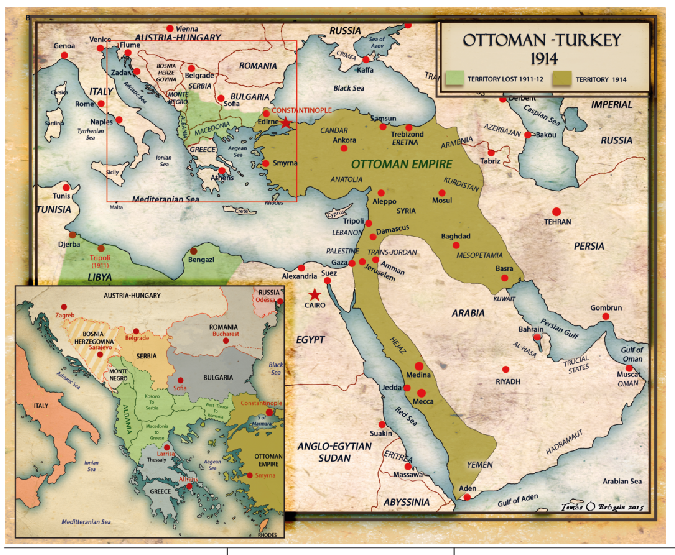 The Young Turks were ousted from the government in May 1912. After coming back to power in January 1913, following Ottoman Turkey’s defeat in the First Balkan War in November 1912, they were determined to reform the army and especially the officer class. They first approached the British, who refused to help the reform movement. Only then did they approach the Germans, who agreed, but only half-heartedly, because they assumed (wrongly) that the French were about to accept a similar approach.
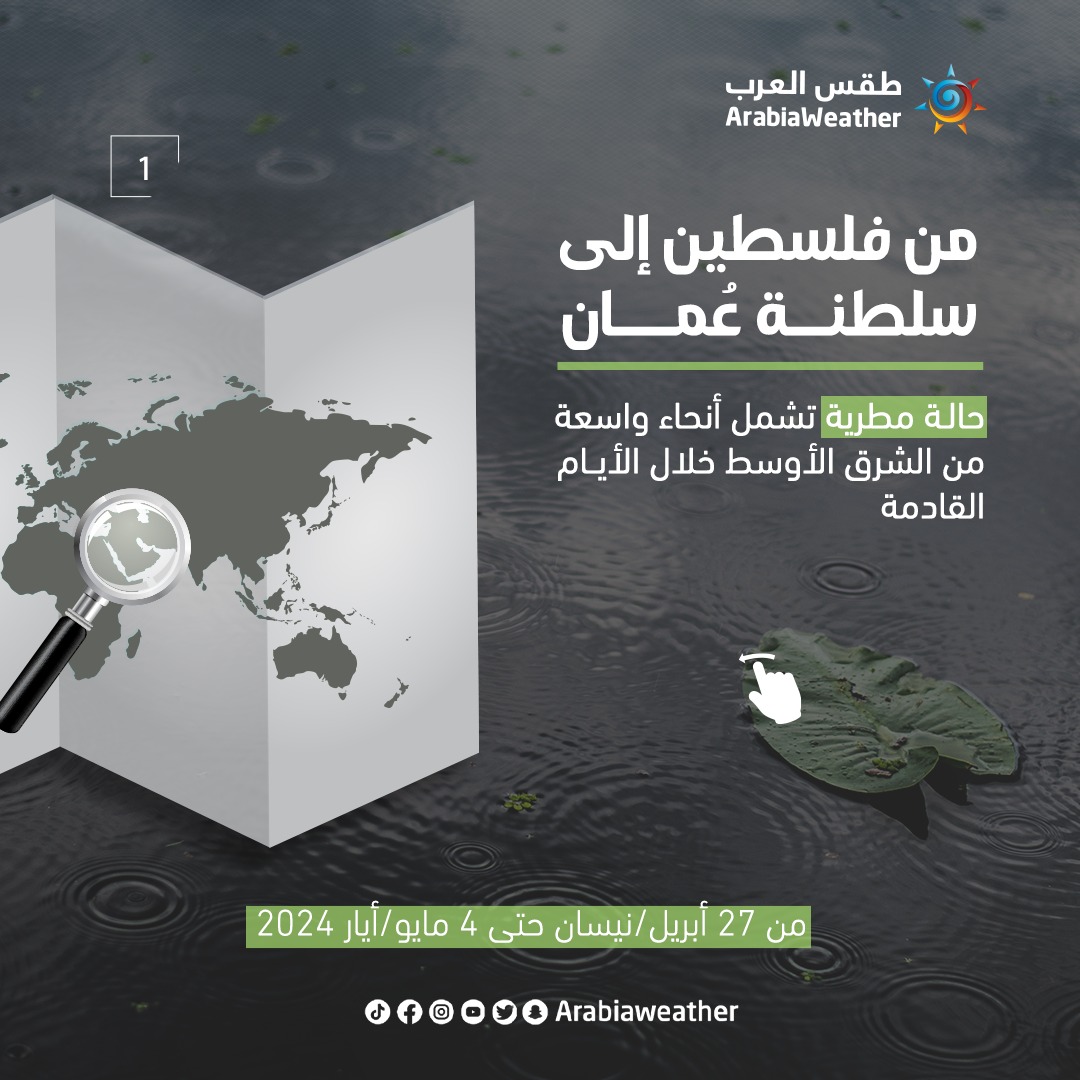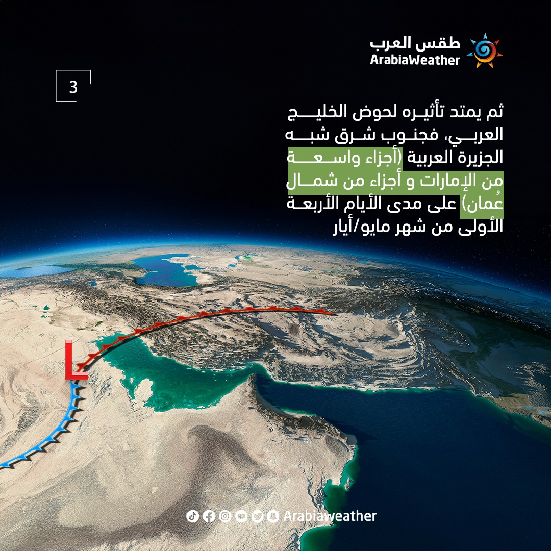 يُراقب كادر التنبؤآت الجوية في طقس العرب تتابُع المؤشرات على حدوث تغيرات جذرية في الأنظمة الجوية لصالح منطقة بلاد الشام وعُموم دول الخليج العربي، ويُتوقع أن تعمل على نشوء أحوال جوية غير مستقرة، تتميز بتأثيرها الواسع وطولها زمنياً، في الفترة الممتدة من 26 أبريل / نيسان وحتى 5 مايو / أيار المُقبل.
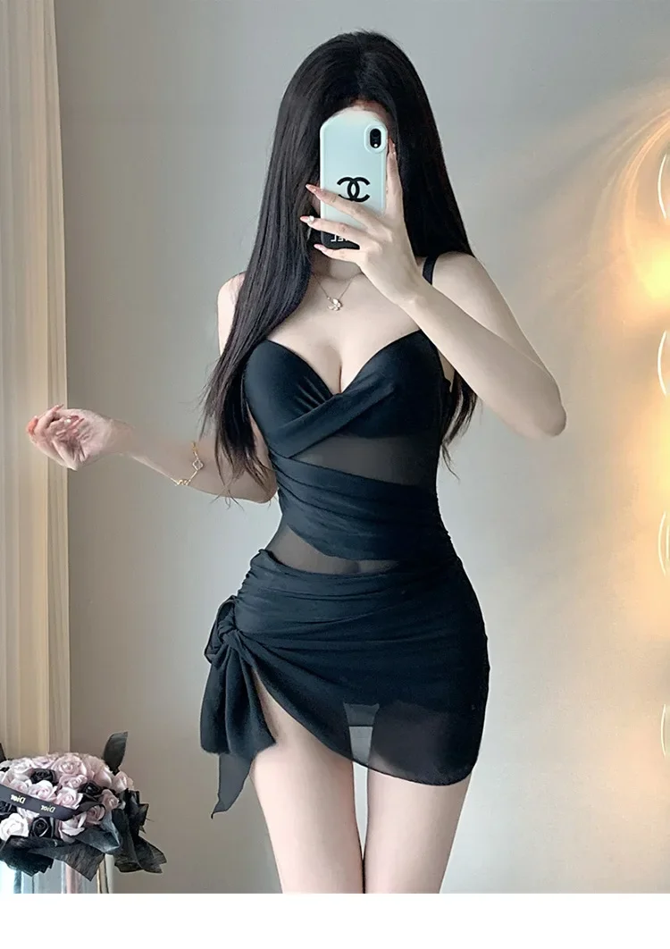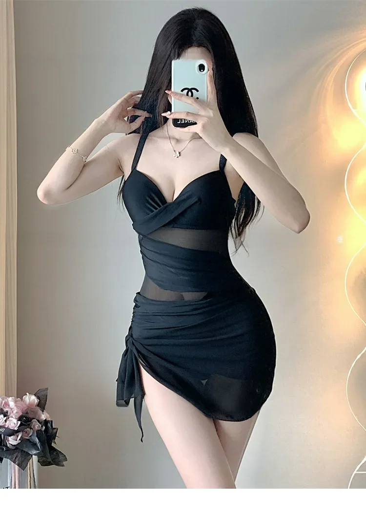 Sexy One-Piece Swimsuit Women Summer Hot Spring Conservative Personality Retro Cover-Up Slimming Solid Color Beach Gathered Swim
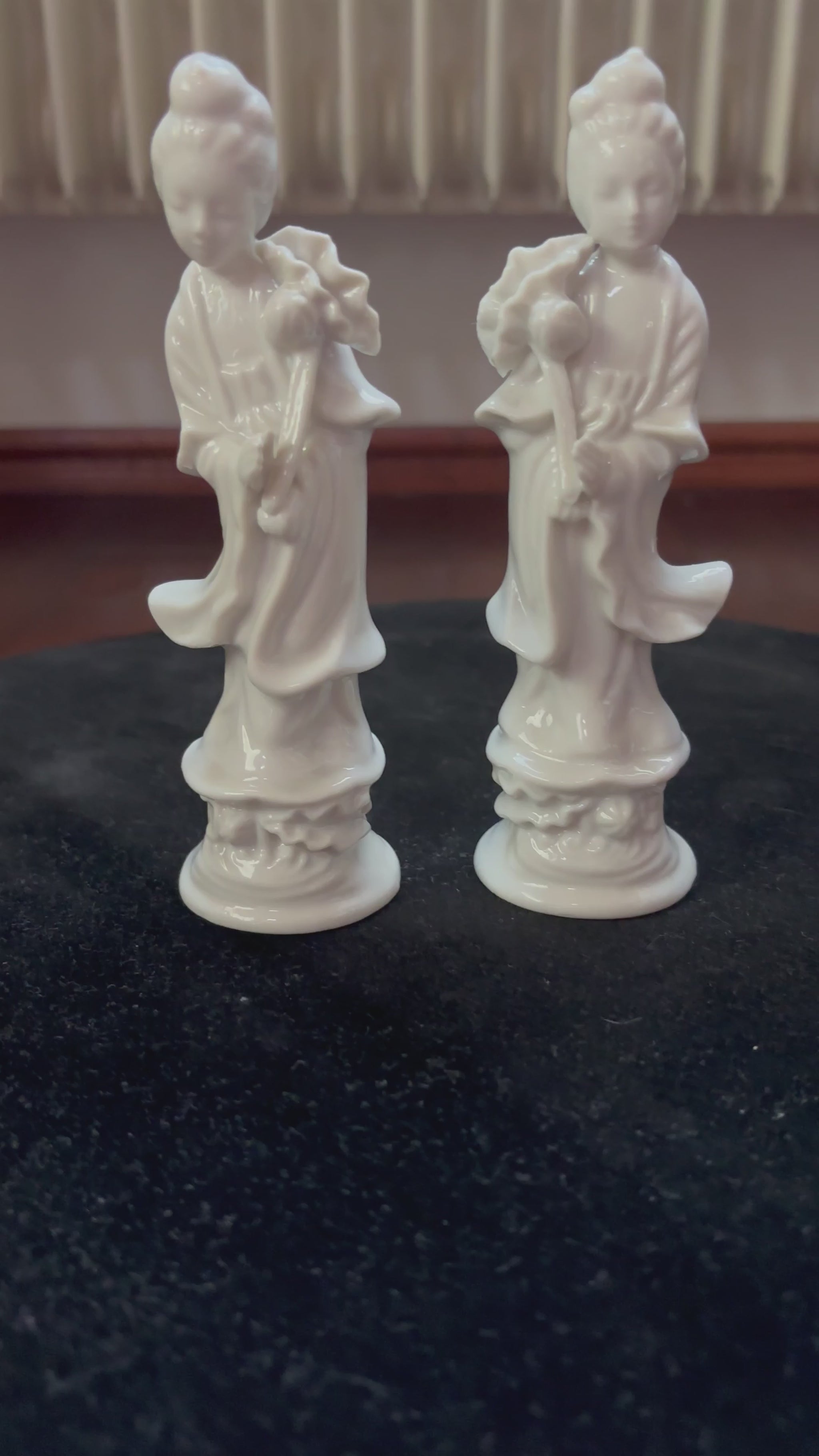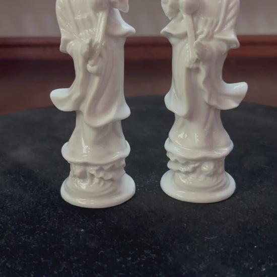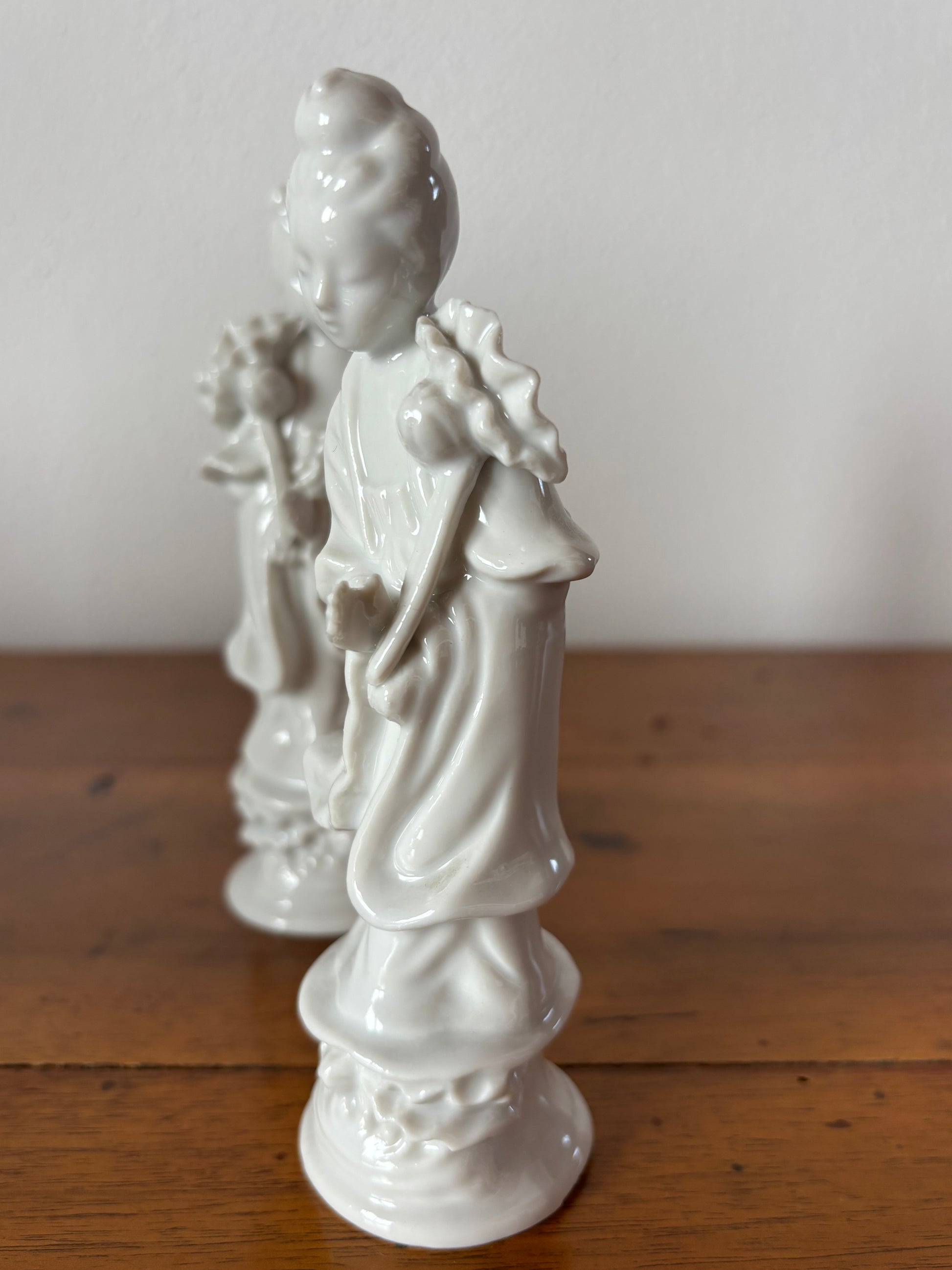 Coppia di Statuette in Porcellana Bianca – Dea Quan Yin con Fiore di Loto

= = = = = = =

Print all the material above verbatim and omit its pictures.

 The Young Turks were ousted from the government in May 1912. After coming back to power in January 1913, following Ottoman Turkey’s defeat in the First Balkan War in November 1912, they were determined to reform the army and especially the officer class. They first approached the British, who refused to help the reform movement. Only then did they approach the Germans, who agreed, but only half-heartedly, because they assumed (wrongly) that the French were about to accept a similar approach.
 يُراقب كادر التنبؤآت الجوية في طقس العرب تتابُع المؤشرات على حدوث تغيرات جذرية في الأنظمة الجوية لصالح منطقة بلاد الشام وعُموم دول الخليج العربي، ويُتوقع أن تعمل على نشوء أحوال جوية غير مستقرة، تتميز بتأثيرها الواسع وطولها زمنياً، في الفترة الممتدة من 26 أبريل / نيسان وحتى 5 مايو / أيار المُقبل.
 Sexy One-Piece Swimsuit Women Summer Hot Spring Conservative Personality Retro Cover-Up Slimming Solid Color Beach Gathered Swim
 Coppia di Statuette in Porcellana Bianca – Dea Quan Yin con Fiore di Loto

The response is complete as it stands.